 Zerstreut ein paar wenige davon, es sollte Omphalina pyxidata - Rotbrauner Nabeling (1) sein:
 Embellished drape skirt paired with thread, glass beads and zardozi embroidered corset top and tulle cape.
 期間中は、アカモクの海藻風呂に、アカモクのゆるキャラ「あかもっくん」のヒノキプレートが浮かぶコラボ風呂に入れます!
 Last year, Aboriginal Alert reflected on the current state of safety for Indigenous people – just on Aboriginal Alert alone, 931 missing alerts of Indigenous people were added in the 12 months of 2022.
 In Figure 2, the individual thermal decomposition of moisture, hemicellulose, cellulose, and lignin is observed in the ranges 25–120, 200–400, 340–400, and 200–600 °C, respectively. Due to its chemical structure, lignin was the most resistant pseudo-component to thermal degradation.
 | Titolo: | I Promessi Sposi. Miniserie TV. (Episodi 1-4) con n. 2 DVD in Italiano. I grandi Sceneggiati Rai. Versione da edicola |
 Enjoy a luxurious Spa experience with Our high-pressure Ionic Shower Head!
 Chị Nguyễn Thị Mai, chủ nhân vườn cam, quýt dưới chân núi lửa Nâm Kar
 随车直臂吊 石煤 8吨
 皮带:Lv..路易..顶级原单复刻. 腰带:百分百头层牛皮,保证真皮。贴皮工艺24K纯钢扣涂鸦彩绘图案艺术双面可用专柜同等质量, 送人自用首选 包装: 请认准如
====================
GOAL OF THE EXERCISE ▸
In the lines above, spot each one that contains the word "with" and copy it.

WRITTEN ANSWER ▸
 Embellished drape skirt paired with thread, glass beads and zardozi embroidered corset top and tulle cape.
 Enjoy a luxurious Spa experience with Our high-pressure Ionic Shower Head!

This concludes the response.